Activity - Restate word for word the entries below, starting with the line with "At the corner of" and continuing through the line with "サマーカーディガン レディース レース". Include both of those lines and no others.
BEGIN Supplied records
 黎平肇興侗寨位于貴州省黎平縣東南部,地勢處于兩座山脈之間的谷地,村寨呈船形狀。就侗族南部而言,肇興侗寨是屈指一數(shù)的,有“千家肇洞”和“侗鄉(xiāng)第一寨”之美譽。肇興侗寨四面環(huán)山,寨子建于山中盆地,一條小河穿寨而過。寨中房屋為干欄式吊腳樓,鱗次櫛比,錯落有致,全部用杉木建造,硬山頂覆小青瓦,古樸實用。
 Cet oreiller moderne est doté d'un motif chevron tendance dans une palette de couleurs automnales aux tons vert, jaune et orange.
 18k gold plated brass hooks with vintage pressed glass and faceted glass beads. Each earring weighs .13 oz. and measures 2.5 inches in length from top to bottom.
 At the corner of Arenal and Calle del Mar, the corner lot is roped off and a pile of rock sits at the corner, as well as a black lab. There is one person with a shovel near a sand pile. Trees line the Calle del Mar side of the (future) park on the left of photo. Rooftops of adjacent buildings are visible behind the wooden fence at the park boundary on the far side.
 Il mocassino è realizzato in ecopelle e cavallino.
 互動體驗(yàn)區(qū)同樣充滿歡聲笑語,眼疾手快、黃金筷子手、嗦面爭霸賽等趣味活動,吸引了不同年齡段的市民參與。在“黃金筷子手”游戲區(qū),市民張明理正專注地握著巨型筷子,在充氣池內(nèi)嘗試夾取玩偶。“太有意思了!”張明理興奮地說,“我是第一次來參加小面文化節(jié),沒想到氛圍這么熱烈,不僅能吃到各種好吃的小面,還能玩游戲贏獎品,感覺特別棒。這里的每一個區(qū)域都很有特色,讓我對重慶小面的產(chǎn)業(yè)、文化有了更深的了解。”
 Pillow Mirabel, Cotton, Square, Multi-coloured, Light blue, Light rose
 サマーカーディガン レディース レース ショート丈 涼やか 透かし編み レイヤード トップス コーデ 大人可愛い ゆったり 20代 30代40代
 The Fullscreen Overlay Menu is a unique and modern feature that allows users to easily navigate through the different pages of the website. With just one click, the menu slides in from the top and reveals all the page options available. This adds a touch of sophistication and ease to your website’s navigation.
END Supplied records
Your response -
 At the corner of Arenal and Calle del Mar, the corner lot is roped off and a pile of rock sits at the corner, as well as a black lab. There is one person with a shovel near a sand pile. Trees line the Calle del Mar side of the (future) park on the left of photo. Rooftops of adjacent buildings are visible behind the wooden fence at the park boundary on the far side.
 Il mocassino è realizzato in ecopelle e cavallino.
 互動體驗(yàn)區(qū)同樣充滿歡聲笑語,眼疾手快、黃金筷子手、嗦面爭霸賽等趣味活動,吸引了不同年齡段的市民參與。在“黃金筷子手”游戲區(qū),市民張明理正專注地握著巨型筷子,在充氣池內(nèi)嘗試夾取玩偶。“太有意思了!”張明理興奮地說,“我是第一次來參加小面文化節(jié),沒想到氛圍這么熱烈,不僅能吃到各種好吃的小面,還能玩游戲贏獎品,感覺特別棒。這里的每一個區(qū)域都很有特色,讓我對重慶小面的產(chǎn)業(yè)、文化有了更深的了解。”
 Pillow Mirabel, Cotton, Square, Multi-coloured, Light blue, Light rose
 サマーカーディガン レディース レース ショート丈 涼やか 透かし編み レイヤード トップス コーデ 大人可愛い ゆったり 20代 30代40代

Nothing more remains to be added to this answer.